Percutaneous surgery is performed to get rid of kidney stones.
Hard deposits of minerals and salts sometimes form crystallized masses in the urinary tract known as kidney stones. These “stones” are so-named because they develop in the kidneys, although they can cause obstructions in any part of the urinary tract.
If initial treatment efforts involving drinking large quantities of water and alpha blockers or other medications aren’t successful, percutaneous surgery (percutaneous nephrolithotomy) may become an option, especially with larger kidney stones.
Reasons for Percutaneous Surgery
Percutaneous surgery is typically done after other kidney stone treatments and therapies fail. The procedure is normally recommended for stones 8/10 of an inch in diameter or larger. Surgery may also be necessary for large staghorn kidney stones. These are crystallized masses that form in one or more branches of a kidney’s collection system.
What Happens Before Kidney Stone Surgery?
Prior to surgery, blood and urine tests may be performed to look for urinary tract infections and other issues that may complicate surgery. A CT scan or similar image test is usually done to determine the exact location of the kidney stones.
How is Percutaneous Surgery Performed?
Percutaneous surgery is performed under general anesthesia. Antibiotics may be given prior to the procedure to reduce the risk of infection. In some situations, X-ray, CT scan, or ultrasound imaging is done under a local anesthetic just prior to starting the procedure to provide visual guidance to the affected kidney.
Another option is to wait to view the affected kidney during the actual procedure while a patient is under general anesthesia. This is done with a tube that’s inserted through the bladder to make a puncture into the affected kidney to remove the stones. X-ray imaging is often used for guidance purposes. More than one puncture may be necessary if the stones are especially large.

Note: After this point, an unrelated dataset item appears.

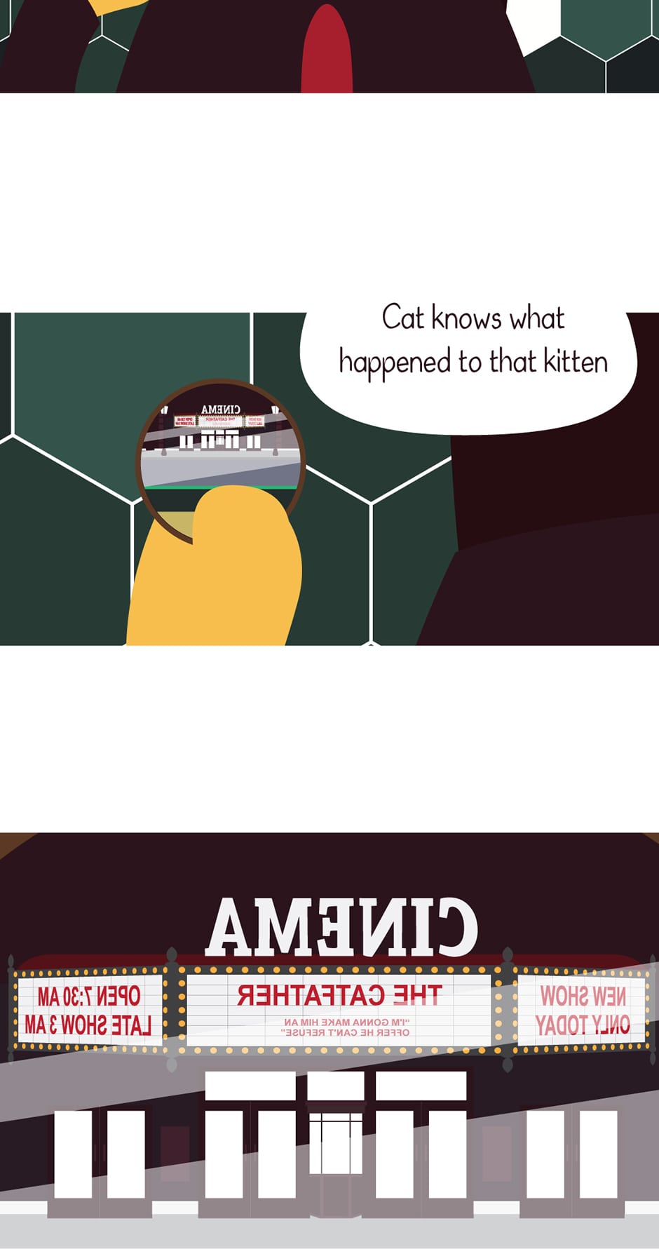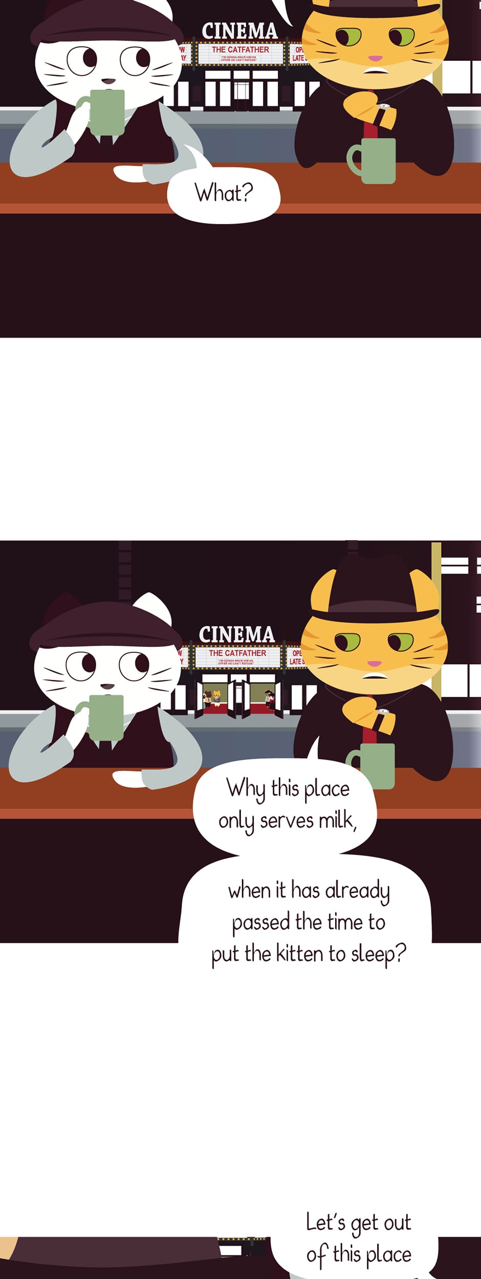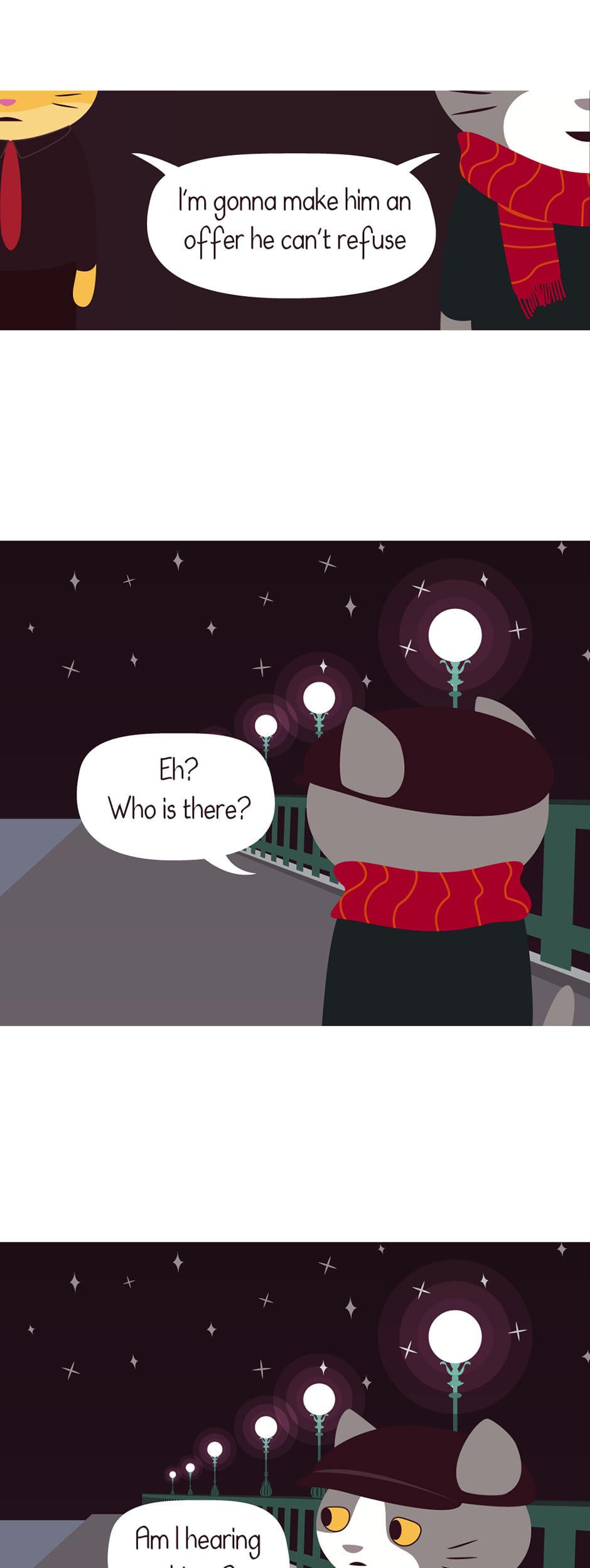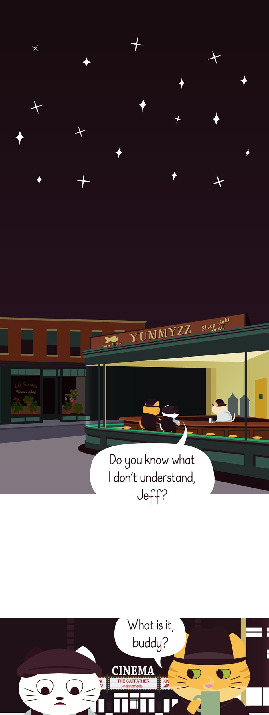 Do you know what I don't understand, readers? . . Why do I keep re-reading this episode over and over again? References in this episode: - Nighthawks (1942) by Edward Hopper - A Clockwork Orange (1971) - The Godfather (1972) - Taxi Driver (1976) PS: I'm changing the minimum of panels to 17-ish, this way I can have more time to work on the backgrounds hm

The procedure is performed through small incisions made in the back. After placing a sheath into the kidney, an energy probe may be used to break up larger stones. A tube with a camera attached called a nephroscope is used to view and access the affected area and remove the stones. Drainage tubes are sometimes left in place for a short period of time after the procedure. Removed kidney stone fragments may also be analyzed to look for possible signs of an infection.
What Happens After Surgery?
This type of surgery normally requires a brief hospital stay – usually a few days. After being discharged, patients are typically advised to avoid heavy lifting or strenuous activities for about 2-4 weeks after the procedure. Return to work recommendations following percutaneous surgery will depend on how strenuous your occupation is. Generally, patients are able to safely return to work after about a week. If drainage tubes are left in place, you’ll be advised to look for signs of bleeding or infection.

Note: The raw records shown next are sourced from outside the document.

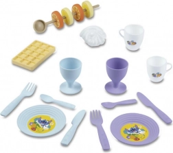 - Set complet de 19 piese – 2× ceșcuțe, 2× pahare cu picior, 2× farfurii, 2× linguri, 2× furculițe, 2× cuțite, waffle, bezea, frigăruie cu fructe și 4× felii de fructe.
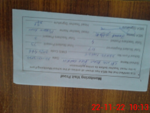 | Total no. of Classrooms: 3 No. of Classrooms Used for Teaching: 3 No. of Classrooms Storing Old Furniture, FTBs, etc: 0Comments if Any: N S B RECORD NOT PROVIDED AT THE TIME VISIT |
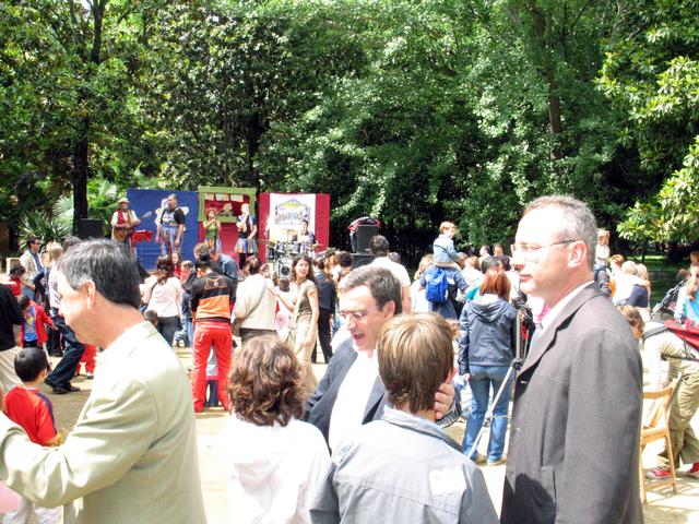 L'alcalde, Àngel Ros, i el tinent d'alcalde Xavier Sàez gaudeixen de la matinal amb els més petits
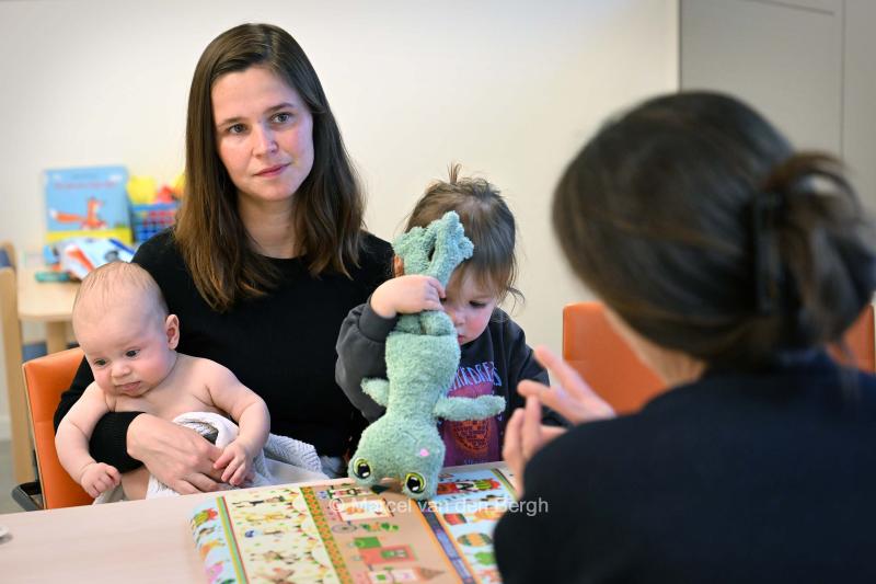 Moeder bezoekt met haar 3 maanden oude baby (jongetje) het consultatiebureau voor diverse vaccinaties. Haar iets oudere dochtertje mocht mee.
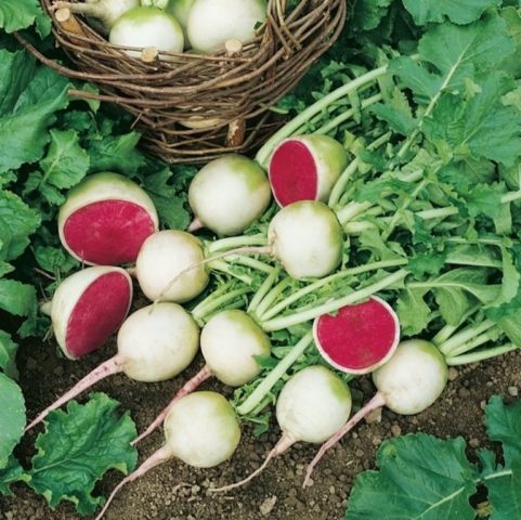 In den letzten Jahren haben Hobbygärtner begonnen, in ihren Gehöften Rettich mit rotem Fleisch anzubauen. Die Hybride unterscheidet sich von anderen Sorten durch Unprätentiosität in Anbau, Pflege und ergibt eine gute Ernte.
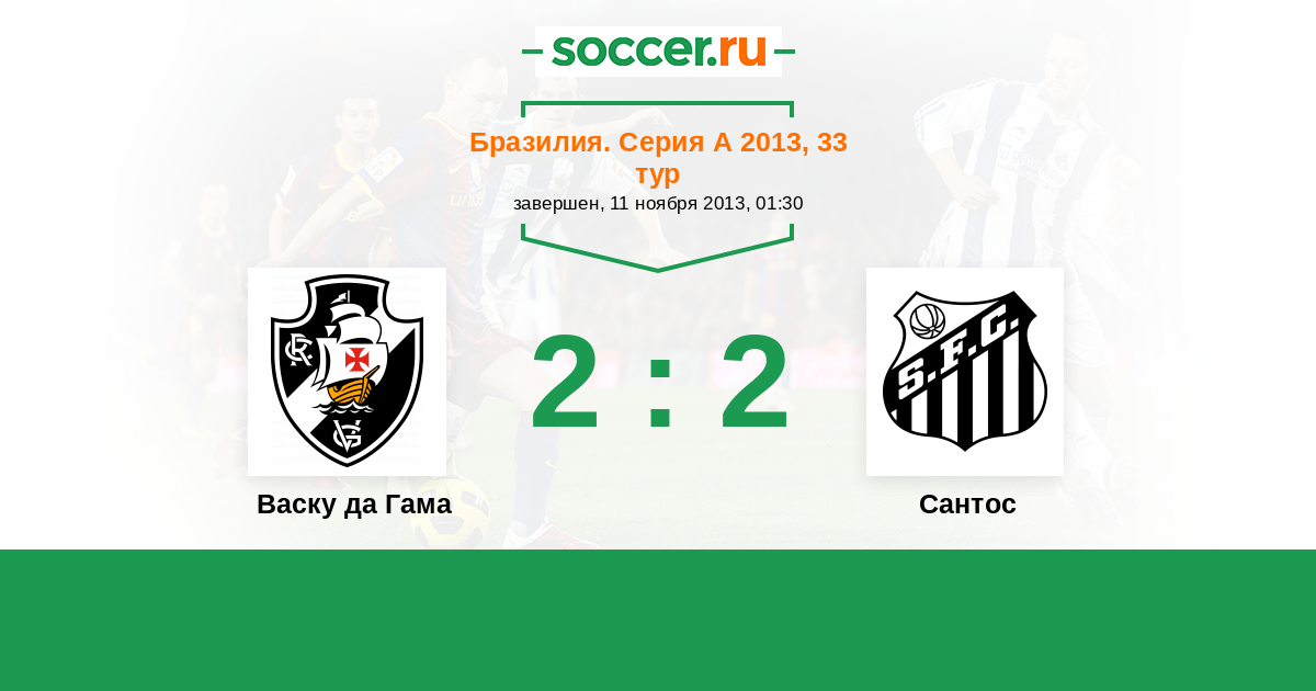 Бразилия. Серия А 15.08.2013 Сантос Логотип футбольный клуб Сантос (Сан-Паулу) 1:1 Логотип футбольный клуб Васку да Гама (Рио-де-Жанейро) Васку да Гама

A urologist may also schedule a follow-up appointment about a month or so after percutaneous surgery. The reason for doing so is to determine if all kidney stones have been effectively removed from your urinary tract. This type of confirmation may involve ultrasound or X-rays. You may also be asked to undergo a urine flow test to make sure your urine is flowing properly again. Additional testing might be done to determine why you developed kidney stones in the first place to reduce the risk of recurrence.